Assigned task: Look below for the line containing "Over the last" and the line containing "De badkamer is", then set down both and every line between them exactly, without pictures.

[[ Entries supplied, beginning ]]

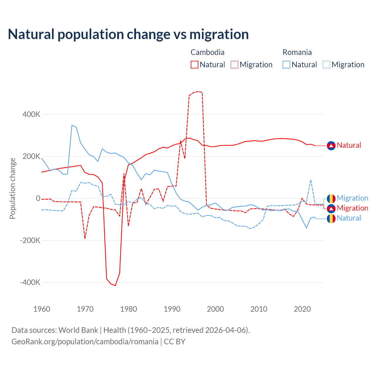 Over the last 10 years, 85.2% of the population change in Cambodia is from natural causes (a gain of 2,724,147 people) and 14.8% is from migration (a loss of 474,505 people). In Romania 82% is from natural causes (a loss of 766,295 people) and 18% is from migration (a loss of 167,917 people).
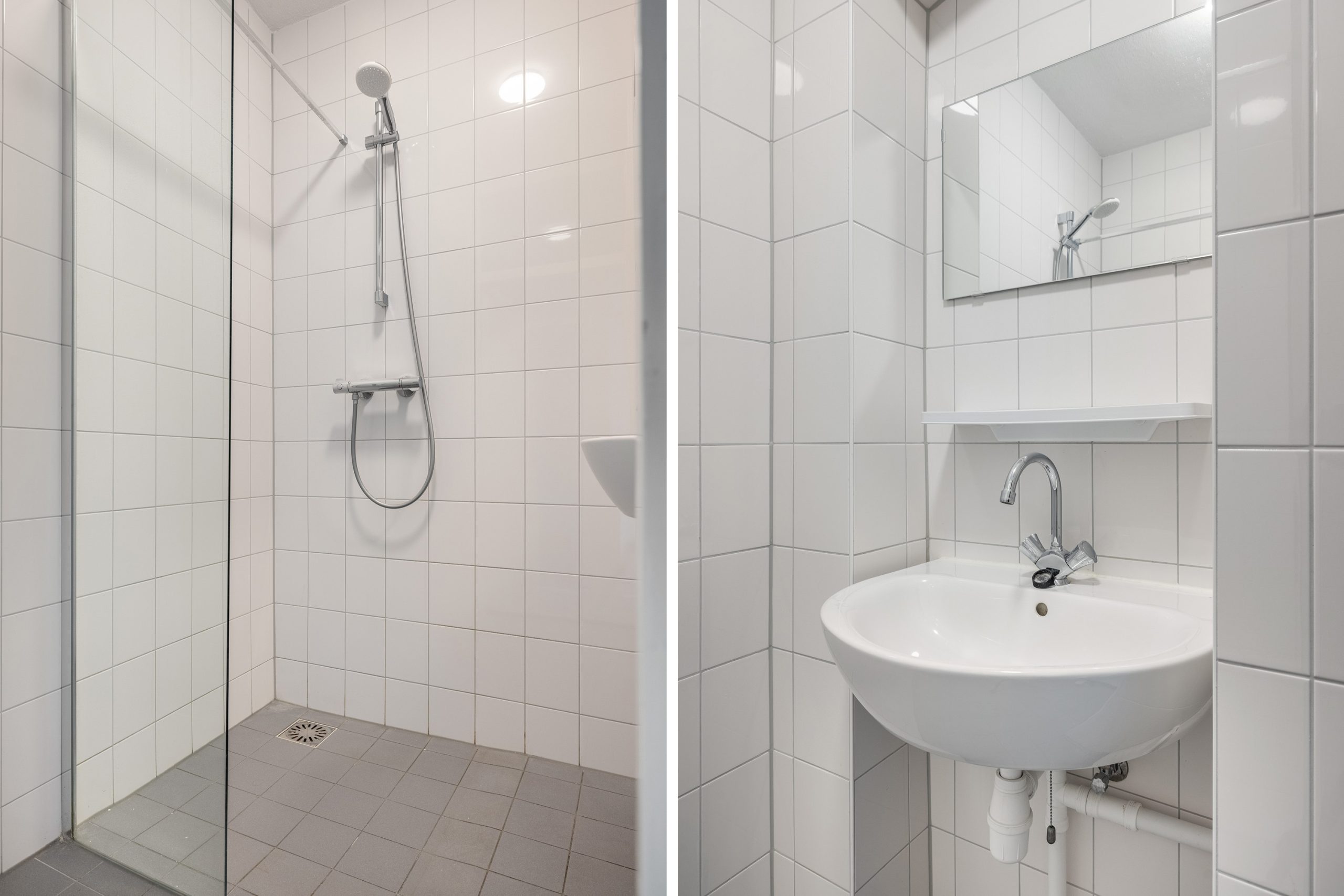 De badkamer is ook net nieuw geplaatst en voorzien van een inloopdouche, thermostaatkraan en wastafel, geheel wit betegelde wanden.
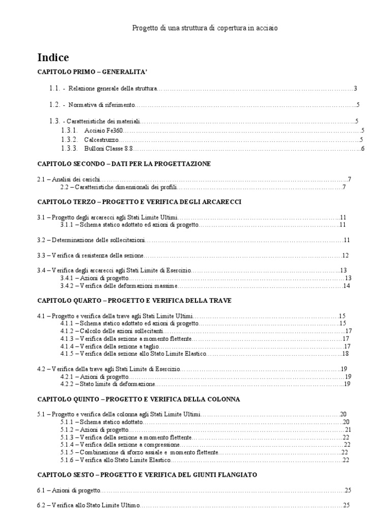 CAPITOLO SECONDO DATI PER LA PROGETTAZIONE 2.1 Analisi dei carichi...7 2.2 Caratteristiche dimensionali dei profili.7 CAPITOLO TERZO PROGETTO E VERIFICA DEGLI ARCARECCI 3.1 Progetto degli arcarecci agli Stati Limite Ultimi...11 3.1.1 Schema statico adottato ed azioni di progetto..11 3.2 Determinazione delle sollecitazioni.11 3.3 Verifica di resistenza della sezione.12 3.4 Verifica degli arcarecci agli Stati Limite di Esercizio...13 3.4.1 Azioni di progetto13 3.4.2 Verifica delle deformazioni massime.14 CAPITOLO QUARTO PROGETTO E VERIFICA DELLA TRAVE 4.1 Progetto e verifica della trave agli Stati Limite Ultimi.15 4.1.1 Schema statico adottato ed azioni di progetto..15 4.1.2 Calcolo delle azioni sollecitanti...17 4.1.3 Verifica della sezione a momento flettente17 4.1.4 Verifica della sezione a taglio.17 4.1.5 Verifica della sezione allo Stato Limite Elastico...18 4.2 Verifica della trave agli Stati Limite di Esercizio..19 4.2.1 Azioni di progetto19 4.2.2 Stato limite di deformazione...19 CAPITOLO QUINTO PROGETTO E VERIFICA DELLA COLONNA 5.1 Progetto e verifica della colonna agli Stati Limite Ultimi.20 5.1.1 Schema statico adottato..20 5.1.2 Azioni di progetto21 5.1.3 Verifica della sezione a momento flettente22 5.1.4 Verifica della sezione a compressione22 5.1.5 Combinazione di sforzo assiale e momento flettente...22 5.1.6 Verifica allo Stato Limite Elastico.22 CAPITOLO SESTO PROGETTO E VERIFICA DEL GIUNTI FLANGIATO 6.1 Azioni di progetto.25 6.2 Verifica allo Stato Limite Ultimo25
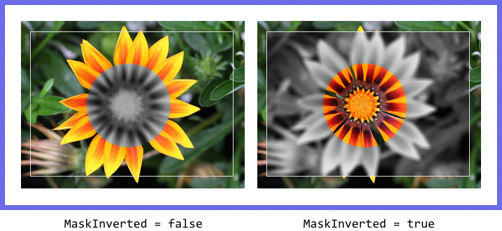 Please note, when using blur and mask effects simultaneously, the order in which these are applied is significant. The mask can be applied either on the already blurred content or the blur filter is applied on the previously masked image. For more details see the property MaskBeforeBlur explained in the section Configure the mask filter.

[[ Entries supplied, end ]]
[[ Entries supplied, beginning ]]

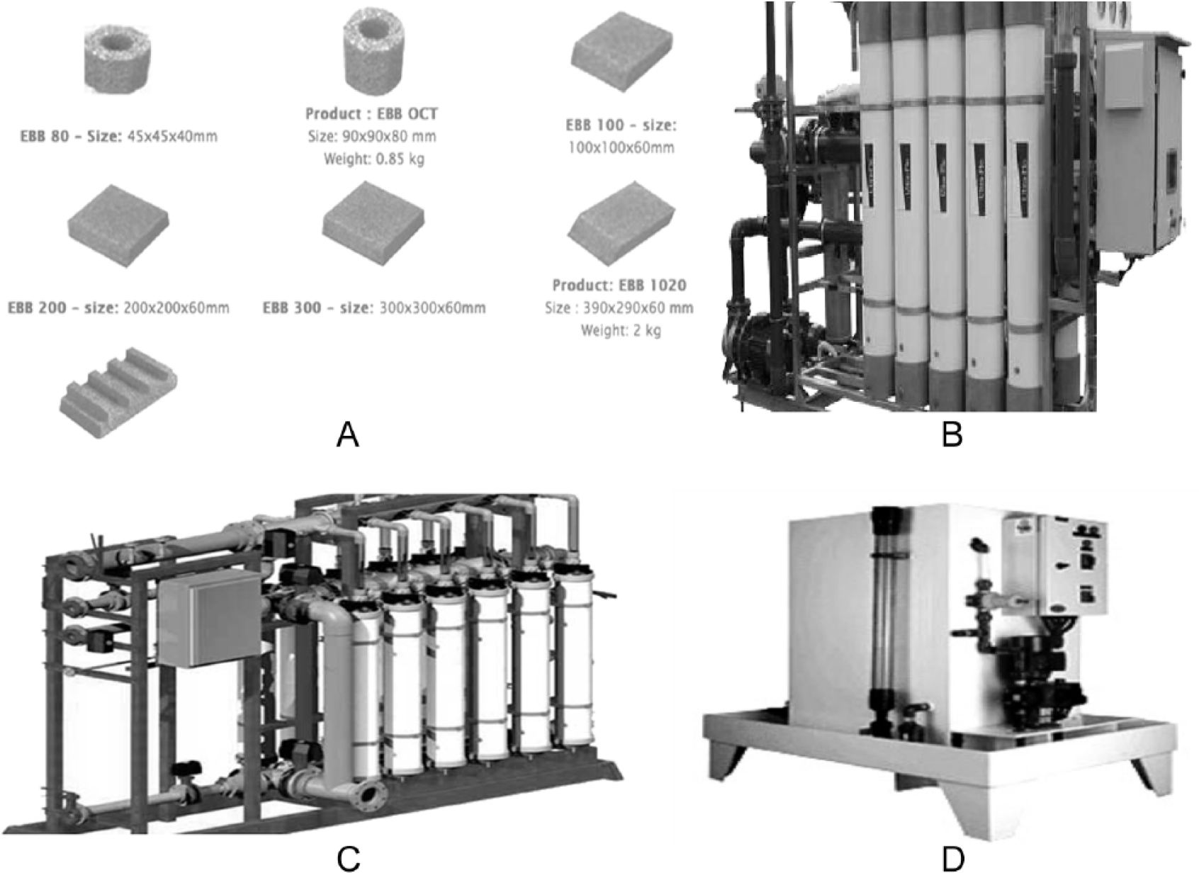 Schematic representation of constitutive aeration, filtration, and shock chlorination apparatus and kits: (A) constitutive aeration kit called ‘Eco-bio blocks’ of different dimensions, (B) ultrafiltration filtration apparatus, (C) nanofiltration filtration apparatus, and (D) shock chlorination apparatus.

[[ Entries supplied, end ]]

Response:
 Over the last 10 years, 85.2% of the population change in Cambodia is from natural causes (a gain of 2,724,147 people) and 14.8% is from migration (a loss of 474,505 people). In Romania 82% is from natural causes (a loss of 766,295 people) and 18% is from migration (a loss of 167,917 people).
 De badkamer is ook net nieuw geplaatst en voorzien van een inloopdouche, thermostaatkraan en wastafel, geheel wit betegelde wanden.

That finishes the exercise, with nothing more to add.